25 February 2026

Painters and paramours



14 July 2023


Painters and paramours



Evening Prayer Brunswick Heads, 11 July 2022, oil on canvas board, 30 X 25 cm

Painters and writers, are not tourists. When we look at pictures or when we read books, we’re investigators. With the obsessive fervor of private dicks we scour every squirrelly squiggle on a canvas like we parse each sentence on a paragraph.


Writers read books differently than other people in the same way that painters ‘read’ pictures differently. It’s not a big deal, it’s just the way it is. It’s not unlike a certain sort of mechanic who will stop to admire a Porsche type “C”, one built in the 1950’s, and maybe parked on a random street somewhere. Just like a painter, he sees all of it at once, and he understands why all its round forms organically fuse together through each of its perfect and separate details because he sees beauty and he responds to it. But there are gardeners too, who, where many of us see empty fields, will behold lush gardens. 


It’s the same for lovers of books and paintings, watches and golf clubs. Objects of desire attract everyone of us who have a vested emotional interest in them. These are true love stories, unusual ones, but love affairs all the same. These love affairs are so powerful they can break up otherwise perfectly happy couples. 


And so, art is a formidable love affair, as it should be. It is not just a question of liking, preferring, or coveting an art work. It’s about a whole world of mystery, craft and obsession, but behind everything it’s because it’s about a love. Proust wrote somewhere in Swann’s Way; “We no longer love anyone else when we’re in love” and that can also be true about art. Like in the civilian worlds of the human heart, creativity makes us forget everything else in the world while working.


Even reminiscing all his beloved images can plague him at a moment’s notice, and for any reason all. While in the wee hours of the night and next to his beautiful wife, an imaginitive painter might still be dreaming of Goya’s Marquise de la Solana. In fact, everything he’s ever seen and loved, is at his fingertips, and like on his smart phone, everything can be called up instantaneously. His imagination relentlessly tempts him, taunting him with memories of all his favorite things. 
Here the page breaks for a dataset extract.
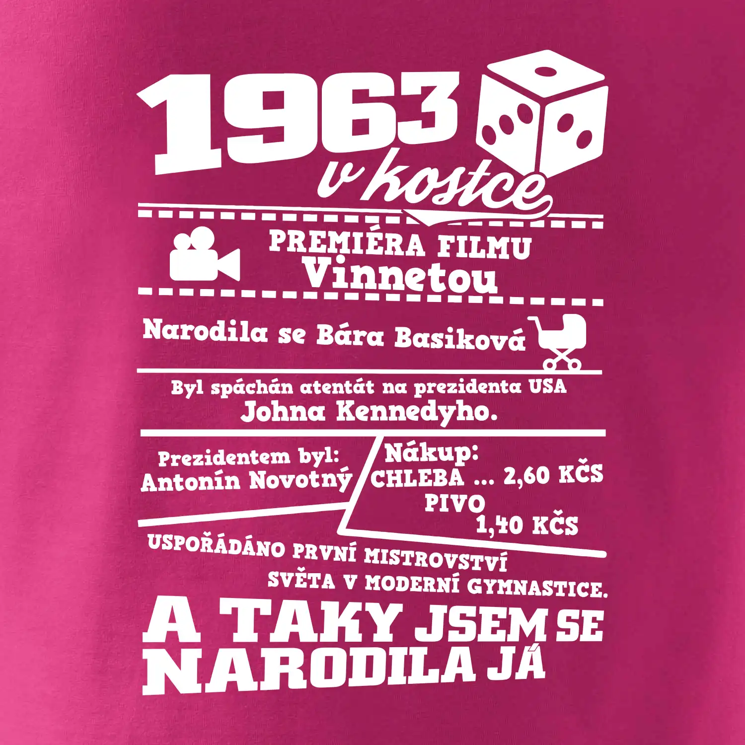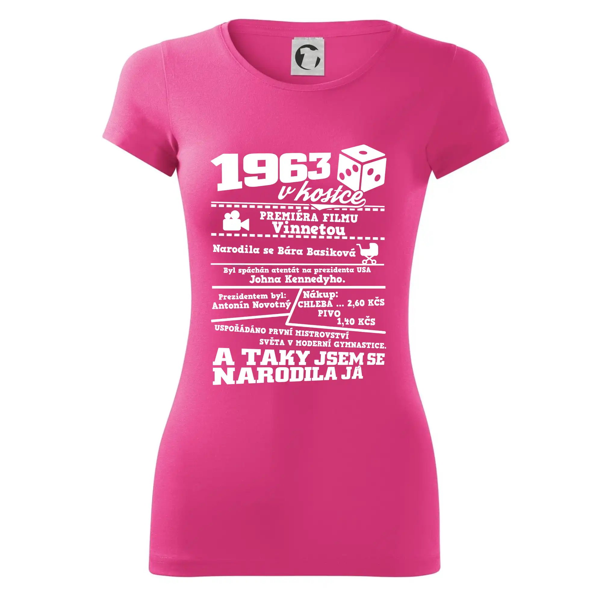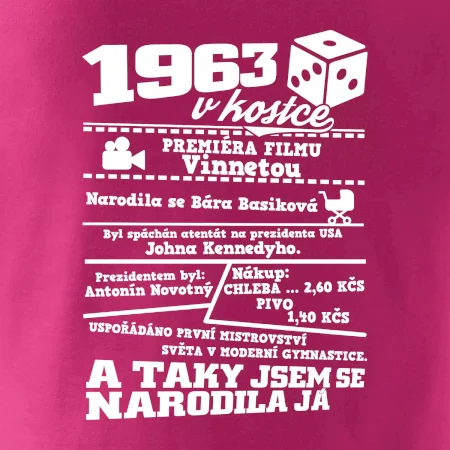 Narozeninové tričko pro ročník 1963. Sháníš originální dárek? Triko pro ročník 1963 v kostce je ten nejlepší dárek, kterým jistě potěšíš. Kolik co stálo? Kdo byl prezident? Kdo se narodil? Všechno tohle a ještě mnohem víc najdeš na našem oslaveneckém triku!
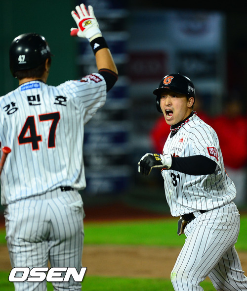 19일 오후 부산 사직구장에서 열린 2012 팔도 프로야구 플레이오프 3차전 롯데 자이언츠와 SK 와이번스의 경기에서 1회말 1사 주자 1,2루 롯데 전준우의 좌익수 앞 1타점 적시타때 손아섭이 홈에서 세이프 된 후 강민호와 하이파이브를 하고 있다.

This bright yellow painting was the first of three from the other night. It was a wonderful sky, so simply deliniated into three wide stripes of colour that I had no trouble grabbing them quickly. The clear winter light felt like an invitation allowing me an easy access into both sea and sky. This one turned out to be a super fast study, only because I wanted to preservere it in my memory bank for future work. I stopped after one minute, sometimes it’s like that. Once a palette has been prepared I have all I need for a picture lasting up to an hour, or a minute. Though it may look rough and unfinished, for me, there was no need to go further. Of course it might have become another picture but lots could have been done to also ruin it. What do they say: “Brevity is the soul of wit” ditto sometimes, in all forms of art.